# Anyone else excited for the Classic?!



## metzbgsu (Jun 28, 2008)

I am...it doesn't seem like the practice round went well though.

http://sports.espn.go.com/outdoors/tournaments/classic/news/story?id=3908310


----------



## fishingredhawk (Apr 14, 2004)

I'm really excited. It's my favorite tournament of the year to follow.


----------



## CARP 104 (Apr 19, 2004)

Their practices never go well before the classic 

Gotta keep hush hush at their level

Can't wait to watch, I love this tournament


----------



## JignPig Guide (Aug 3, 2007)

I'll be sure to set my DVR!


----------



## brandon0891 (Mar 5, 2008)

Here is the link so you can watch it. Watch it on ESPN2

It sucks I have guard drill this weekend so I wont be able to watch the weight ins online. Got to watch my fantasy picks!


----------



## bassmaniac (May 10, 2004)

I think when they get on the water Friday, they will find fish moving up, I'll bet they really catch 'em by the week end.


----------



## BowKat04 (Feb 27, 2005)

Whose everyone rooting for? I'd like to local Bill Lowen bring it back to Ohio!


----------



## Bassnpro1 (Apr 6, 2004)

I think that Lowen aka the Turtle will have a good showing. If he can locate the right fish he can definitely catch them, but then again everybody in the classic can do that. Lowen does know river systems though.


----------



## OhioHuntr02 (Jan 2, 2006)

brandon0891 said:


> It sucks I have guard drill this weekend so I wont be able to watch the weight ins online.

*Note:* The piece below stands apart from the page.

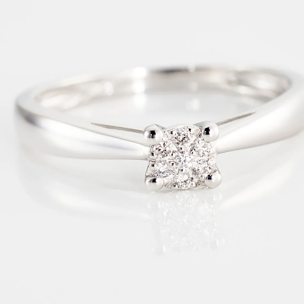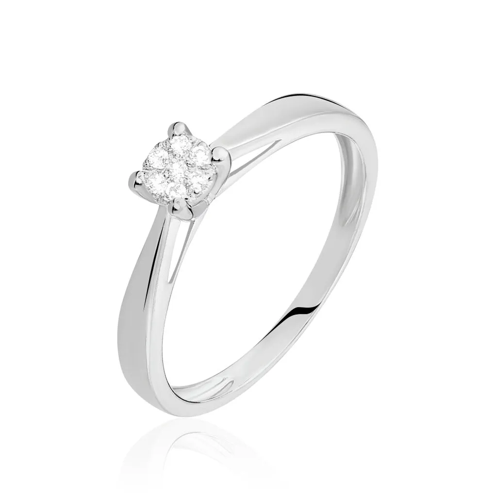 Solitaire Or Blanc 375/1000 Diamants Multi Pierre 0.07cts

Yea, I'll be at drill too. Why cant they just schedule drill around these things!


----------



## castmaster00 (Oct 23, 2007)

Kevin VanDam all the way. he is so good that it is hard not to root for him. i am all about ohio but i revert to the previous statement.


----------



## bassmaniac (May 10, 2004)

I have to root for Gary Klein. The guy has qualified for 26 Classics without a win. Poor guy's even been shot at.


----------



## OSU_Fisherman (Mar 1, 2007)

OhioHuntr02 said:


> Yea, I'll be at drill too. Why cant they just schedule drill around these things!


It will all be on my DVR if you and Kevin miss the coverage.


----------



## brandon0891 (Mar 5, 2008)

OSU_Fisherman said:


> It will all be on my DVR if you and Kevin miss the coverage.


DVR's are a great thing I already have mine scheduled for it!


----------



## OhioHuntr02 (Jan 2, 2006)

OSU_Fisherman said:


> It will all be on my DVR if you and Kevin miss the coverage.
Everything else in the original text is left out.